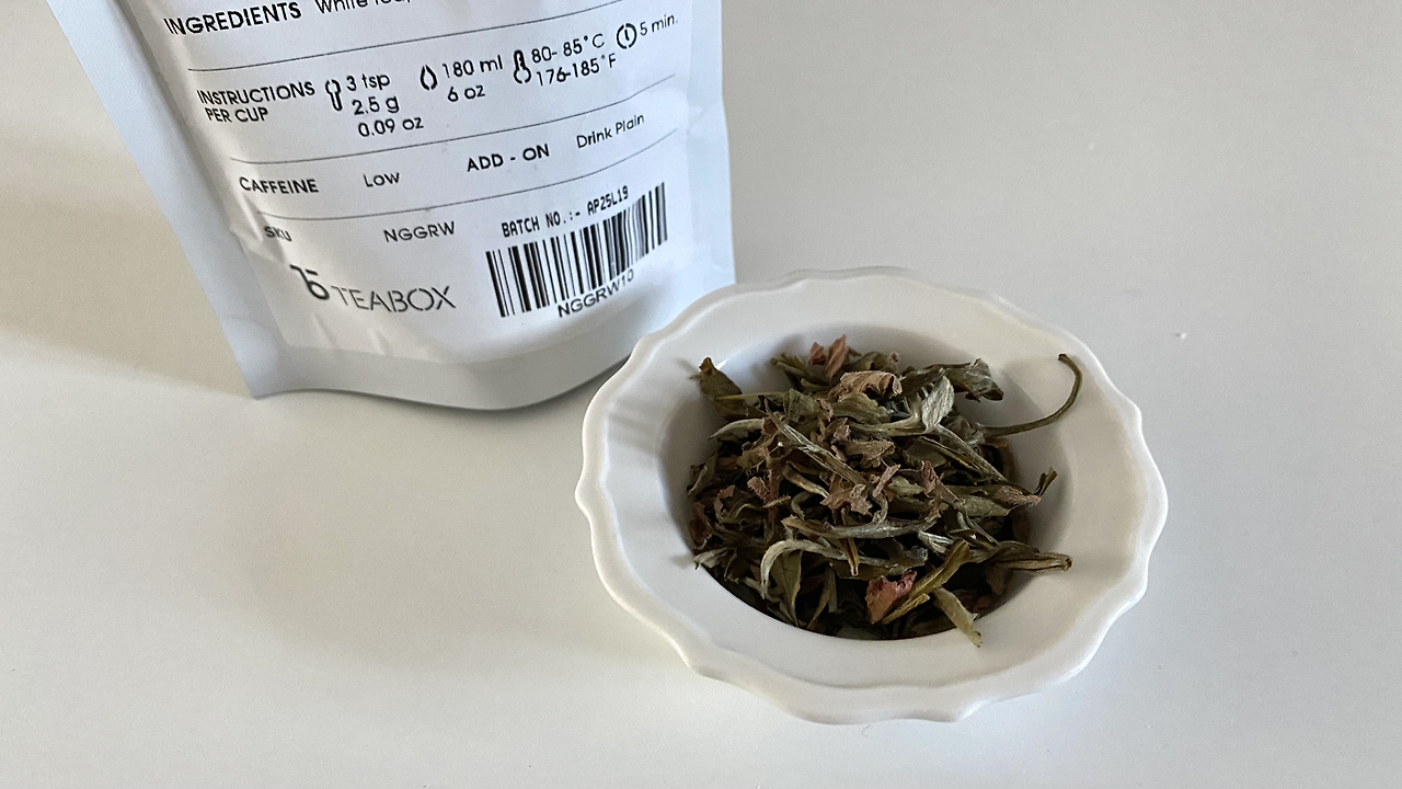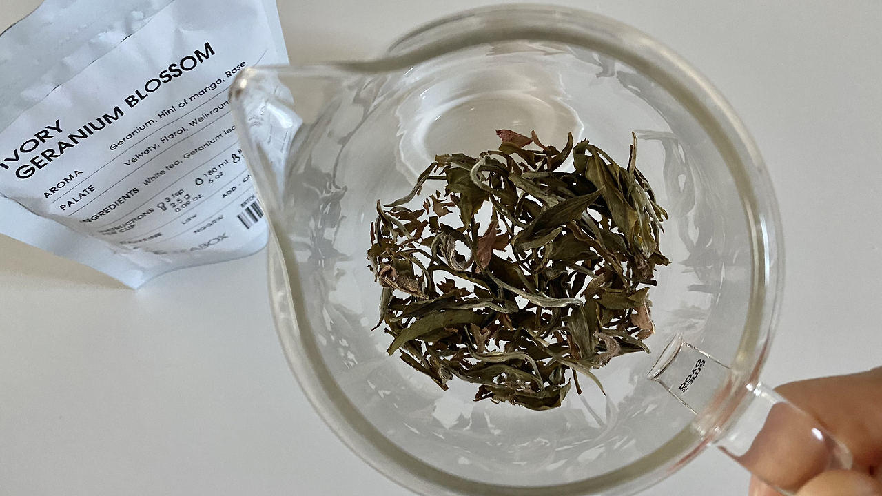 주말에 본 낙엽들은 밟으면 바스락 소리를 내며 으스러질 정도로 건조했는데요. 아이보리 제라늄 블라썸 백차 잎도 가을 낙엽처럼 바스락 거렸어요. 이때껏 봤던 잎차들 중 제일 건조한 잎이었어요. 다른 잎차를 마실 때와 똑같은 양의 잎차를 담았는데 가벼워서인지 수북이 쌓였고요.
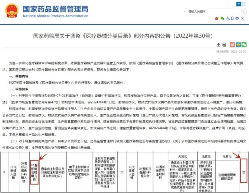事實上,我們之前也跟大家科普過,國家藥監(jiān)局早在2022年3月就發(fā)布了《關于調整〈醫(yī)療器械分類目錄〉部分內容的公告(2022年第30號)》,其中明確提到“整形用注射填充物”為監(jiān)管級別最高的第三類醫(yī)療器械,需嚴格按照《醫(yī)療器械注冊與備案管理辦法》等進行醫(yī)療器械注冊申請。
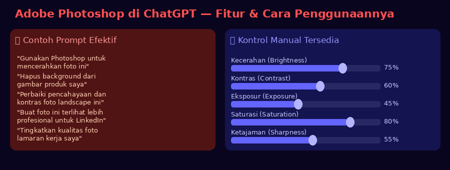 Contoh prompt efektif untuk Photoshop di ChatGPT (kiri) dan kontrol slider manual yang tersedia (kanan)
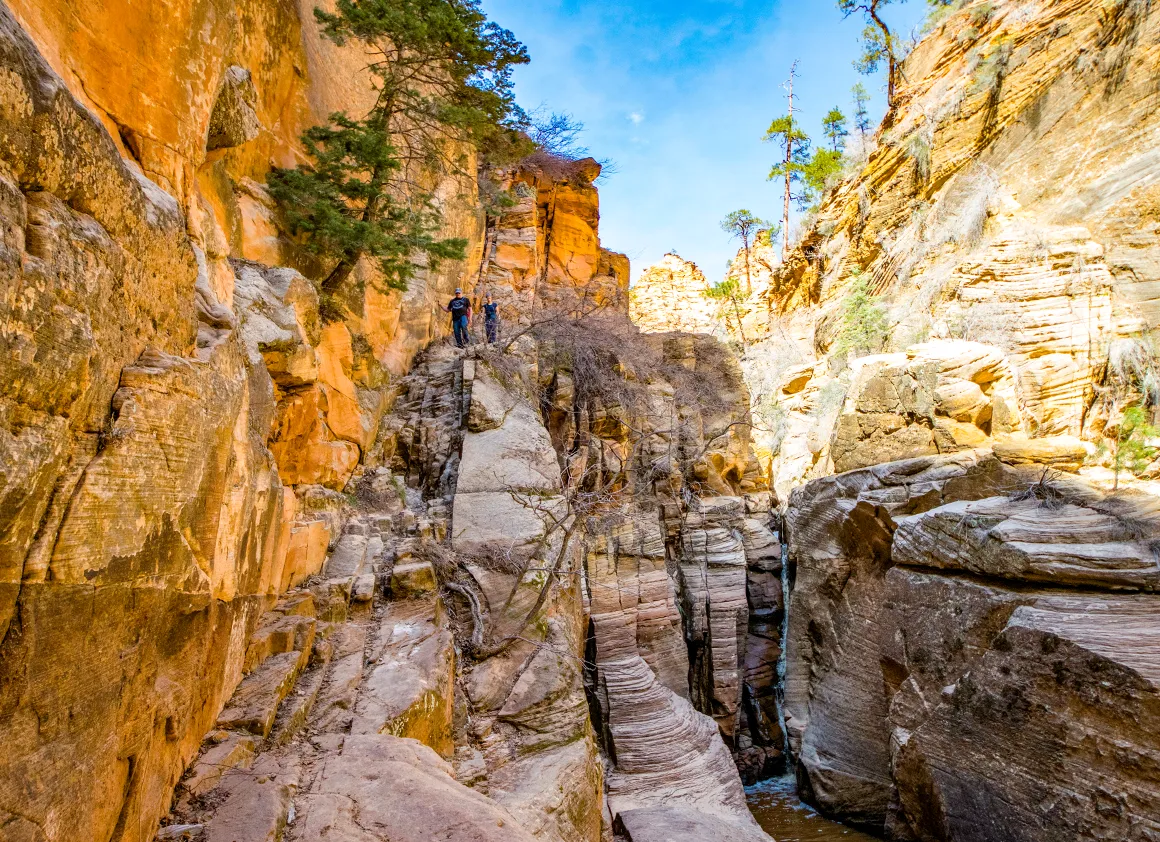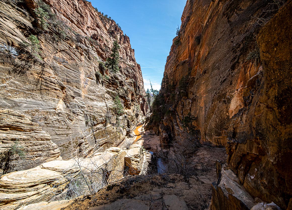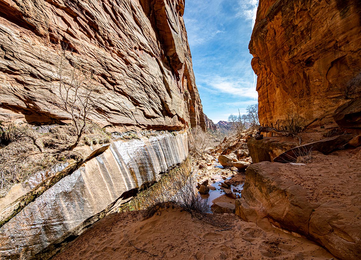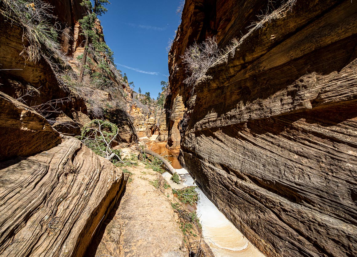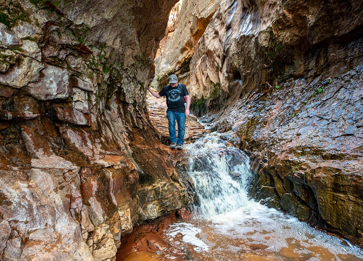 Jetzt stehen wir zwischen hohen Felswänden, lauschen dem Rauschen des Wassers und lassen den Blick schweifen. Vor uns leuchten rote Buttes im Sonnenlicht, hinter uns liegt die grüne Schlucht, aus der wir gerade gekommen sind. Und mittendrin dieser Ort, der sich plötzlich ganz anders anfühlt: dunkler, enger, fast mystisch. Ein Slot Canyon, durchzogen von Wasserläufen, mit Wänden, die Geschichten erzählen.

##########

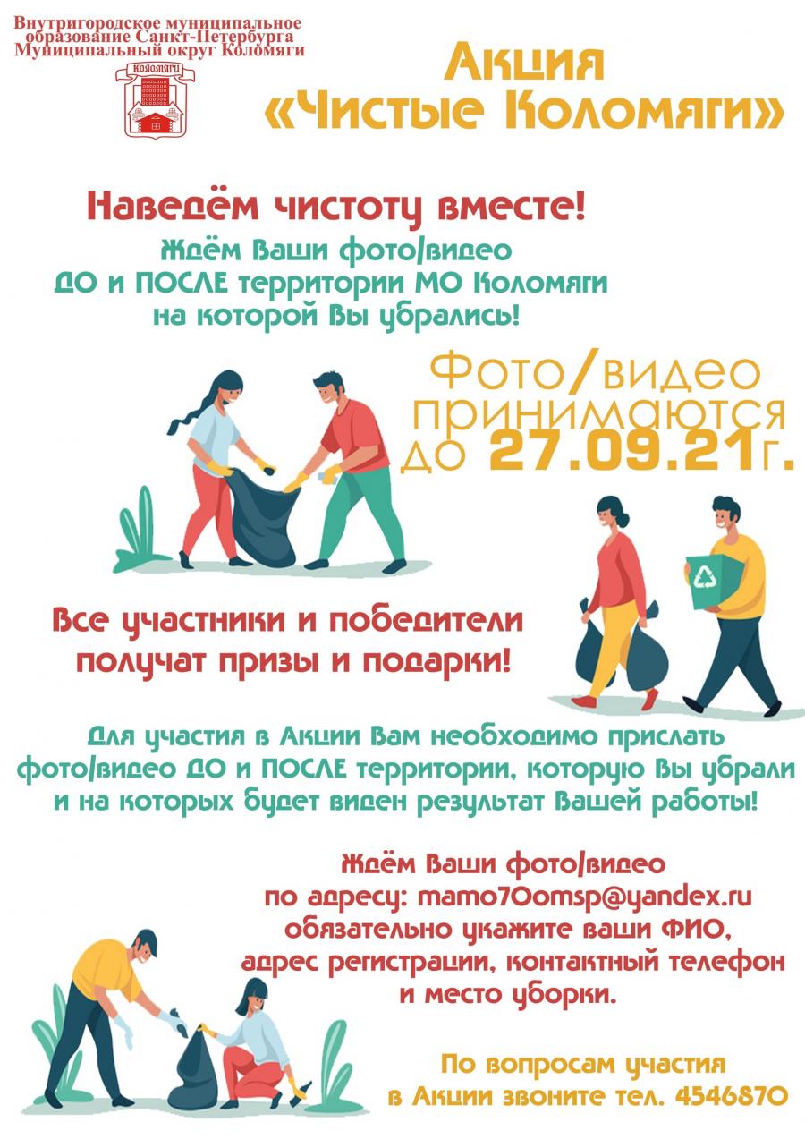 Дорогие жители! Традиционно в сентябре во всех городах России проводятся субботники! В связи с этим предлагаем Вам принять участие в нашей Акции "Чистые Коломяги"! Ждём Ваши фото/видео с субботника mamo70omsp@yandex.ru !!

##########

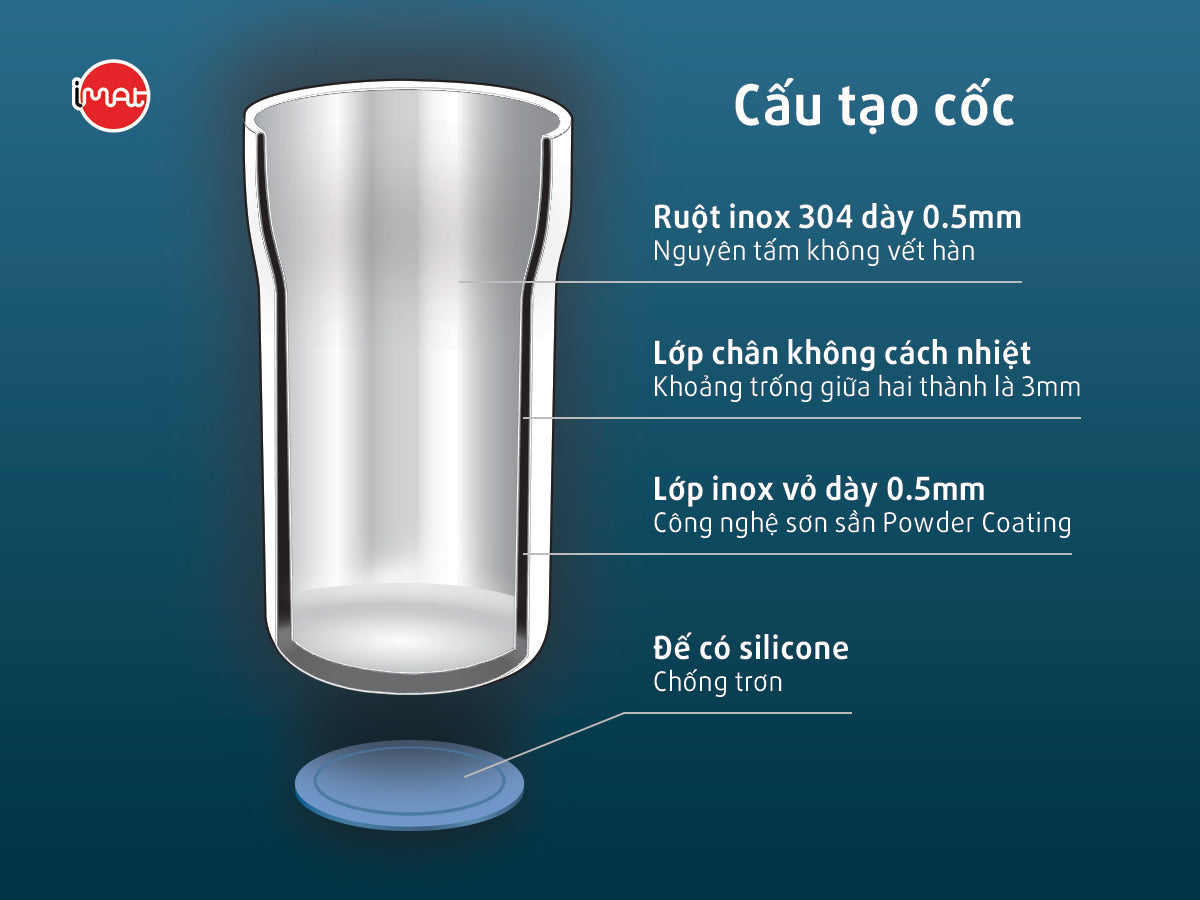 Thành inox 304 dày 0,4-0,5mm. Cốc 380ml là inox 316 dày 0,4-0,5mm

##########

Beginning with the line that contains "Contoh prompt efektif", write out the lines of the material above exactly, and end with the line that contains "Jetzt stehen wir". Omit the pictures.

## SOLUTION TO THIS TASK
 Contoh prompt efektif untuk Photoshop di ChatGPT (kiri) dan kontrol slider manual yang tersedia (kanan)
 Jetzt stehen wir zwischen hohen Felswänden, lauschen dem Rauschen des Wassers und lassen den Blick schweifen. Vor uns leuchten rote Buttes im Sonnenlicht, hinter uns liegt die grüne Schlucht, aus der wir gerade gekommen sind. Und mittendrin dieser Ort, der sich plötzlich ganz anders anfühlt: dunkler, enger, fast mystisch. Ein Slot Canyon, durchzogen von Wasserläufen, mit Wänden, die Geschichten erzählen.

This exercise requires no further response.